CF446C DZY Loves Fibonacci Numbers <线段树>

Problem

DZY Loves Fibonacci Numbers

$\mathrm{Time\;limit:\;4\;Sec}$
$\mathrm{Memory\;limit:\;256\;MB}$

Description

In mathematical terms, the sequence $F_n$ of $Fibonacci$ $numbers$ is defined by the recurrence relation $F_1 = 1,F_2 = 1,F_3=F_1+F_2=3,\cdots F_n = F_{n-1}+F_{n-2}$.
$\mathrm{DZY}$ loves Fibonacci numbers very much. Today $\mathrm{DZY}$ gives you an array consisting of $n$ integers: $a_1, a_2,\cdots,a_n$. Moreover, there are $m$ queries, each query has one of the two types:

1. Format of the query “$1$ $l$ $r$”. In reply to the query, you need to add $F_{i-l+1}$ to each element $a_i$, where $l\le i\le r$.
2. Format of the query “$2$ $l$ $r$”. In reply to the query you should output the value of $\sum_{i=l}^{r}{a_i}$ modulo $10^9+9$.
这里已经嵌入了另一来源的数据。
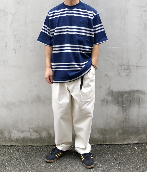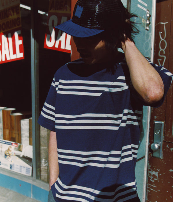 LQQK Studioから、S/S RUGBY WEIGHT POCKET TEEが入荷しました。ヘビーウェイトなコットン素材を使用し、3本線のボーダー柄SS。柄合わせした胸ポケットに配置したピスネームがポイント。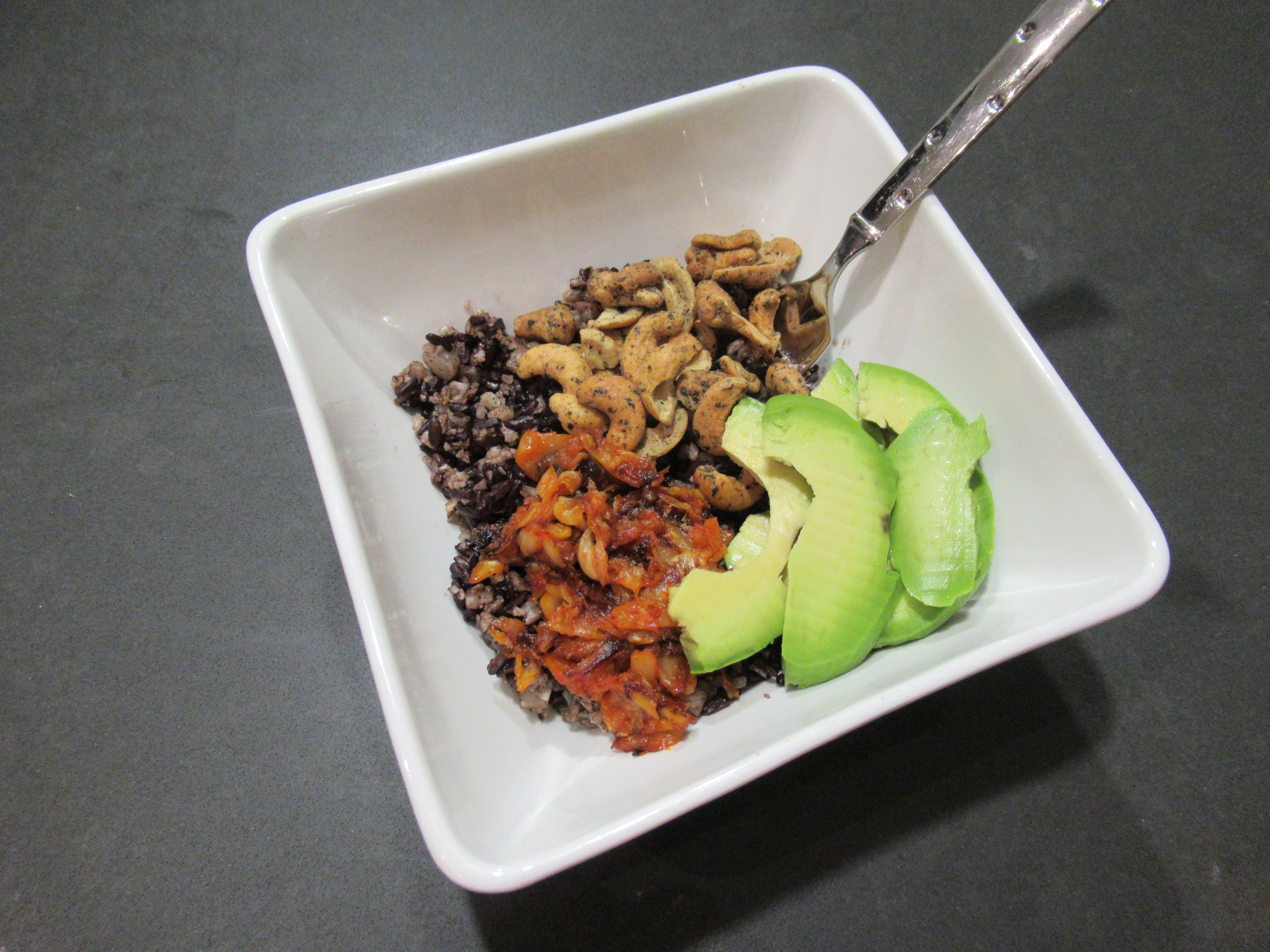 Veggie rice bowls. Jasberry rice and riced cauliflower / Whole Food’s sesame seaweed cashews / avocado / chopped kimchi crisped up with a bit of butter and sugar.

Help $\mathrm{DZY}$ reply to all the queries.

Input

The first line of the input contains two integers $n$ and $m$ $(1 \le n, m \le 3\times 10^5)$. The second line contains n integers $a_1, a_2, \cdots, a_n (1 ≤ a_i \le10^9)$ — initial array $a$.
Then, $m$ lines follow. A single line describes a single query in the format given in the statement. It is guaranteed that for each query inequality $1 \le l \le r \le n$ holds.

Output

For each query of the second type, print the value of the sum on a single line.

Example

Input

4 4
1 2 3 4
1 1 4
2 1 4
1 2 4
2 1 3

Output

17
12

Note

After the first query, $a = [2, 3, 5, 7]$.
For the second query, $sum = 2 + 3 + 5 + 7 = 17$.
After the third query, $a = [2, 4, 6, 9]$.
For the fourth query, $sum = 2 + 4 + 6 = 12$.

标签：线段树

Translation

给出一个长为$3\times 10^5$级别的初始数组，要求维护两种操作：

1. 将$a_l \sim a_r$中的每个数对应加上从$Fib_1\sim Fib_{l-r+1}$的斐波那契数，即使$a_i(i\in[l,r])$加上$Fib_{i-l+1}$
2. 询问$\sum_{i=l}^{r}{a_i}$模$10^9+9$的值

Solution

不难想到此题需要用线段树维护。不过难点在于如何合并标记。

初步想法是每次打标记时记录下此区间是从斐波那契数列的多少项开始一一对应地加进去，不过这样是无法合并标记的，每个结点只能有一个标记，可以被卡成$O(n^2\log n)$。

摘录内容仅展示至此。